I have a gold EWS and it love to swim and is also great to watch.
I made a little fish tank and it doesn't affect the wood


----------



## stringbean (Apr 4, 2007)

i rekon u should get an ewd. we get a few of them in the creek near my house, always swimming. they look pretty good to.


----------



## Forensick (Apr 4, 2007)

i would LOVE an EWD, it was what i originally wanted tho....
i just dont have room for a 6x4x4 tank


----------



## Forensick (Apr 4, 2007)

where in melbourne should i get beardies from?
is anyone likely to have any avail soon?
and which is better, central or eastern?


----------



## DA_GRIZ (Apr 5, 2007)

i think central because they can be several different colors


----------



## chic parma (Apr 5, 2007)

easterns grow bigger than centralls aswell, and centrals have better
temperants apparantely.
go the central.


----------



## hornet (Apr 5, 2007)

easterns have great temperaments, i dont know where people have heard otherwise, go eastern


----------



## hodges (Apr 5, 2007)

i love the blue tongue lizards and beardies 
cheers
brad


----------



## bredli84 (Apr 5, 2007)

i was in pails for scales today, they had a fair few young beardies running around, seemed pricy, but i have never looked into buying them so not sure what the normal price is.


----------



## cris (Apr 5, 2007)

hornet said:


> easterns have great temperaments, i dont know where people have heard otherwise, go eastern



Easterns have great temperments and are more suited to handling than any other lizard that isnt a beardy(as far as i know). Central beardies are just noticeably more tame and almost fearless as a general rule.

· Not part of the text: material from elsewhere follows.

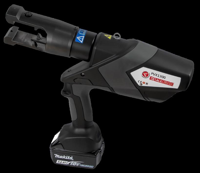Tested and certified battery-powered crimp tool for contact crimping Cu-terminals, type KR/KRF and KS/KSF 10-400 mm², Cu-windings 9,9-343 mm², Al-windings 8,8-100 mm², Al-terminals 10-400 mm² (-240 solid).
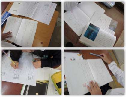 3年生の国語の学習です。絵をもとに想像を広げ、人物の様子が伝わるように物語を書いていきました。

Eastern beardies would be better suited to higher humdity, so they would probably be the best choice for the type of setup you are thinking of.


----------



## bredli84 (Apr 6, 2007)

did u consider monitors? thigs such as V. gilleni, acanthurus etc would do well in a 4ft tank.


----------



## jordo (Apr 6, 2007)

cris said:


> they can also be handled if you want something that can be handled.



Are you talking about water skinks? Handling WS's would cause them a lot of unecessary stress.



bredli84 said:


> did u consider monitors? thigs such as V. gilleni, acanthurus etc would do well in a 4ft tank.



They would need a desert-like setup.


----------



## bredli84 (Apr 6, 2007)

jordo said:


> They would need a desert-like setup.



well, you could still put fake plants in there for "ambience" couldnt u? i dont see how it would be much diff to central beardies?


----------



## jordo (Apr 6, 2007)

Of course you could, but you couldn't really use live plants or have a water area.
Forensick - you could design a desert setup to look good as a display tank, use sand, buy or make a fake termite mound, get some bones, a few branches and maybe some spinifex if you can get any, it would give you a lot more freedom in terms of the species you could then choose from.


----------



## hornet (Apr 6, 2007)

i can try and help ya with spinifex, i'm trying to track some down at the moment, also sand sage, looks great in desert tanks


----------



## alex_c (Apr 6, 2007)

Forensick said:


> where in melbourne should i get beardies from?
> is anyone likely to have any avail soon?
> and which is better, central or eastern?


 i should have heaps of centrals later this year early next year. ive already sold all my babies. someone might still have some babies though.


----------



## Forensick (Apr 6, 2007)

i found someone selling them
yellow phase, $50 each

they are holding onto them for me till i get my license.

-that a good deal?


----------



## cris (Apr 6, 2007)

Forensick said:


> i found someone selling them
> yellow phase, $50 each
> 
> they are holding onto them for me till i get my license.
> ...



Yeah thats a fair price.


----------



## morgs202 (Apr 13, 2007)

hornet said:


> easterns have great temperaments, i dont know where people have heard otherwise, go eastern


 
I agree. I have had my eastern for 5 years now, and he is the best! Tonnes of personality and has never once tried to bite anybody.


----------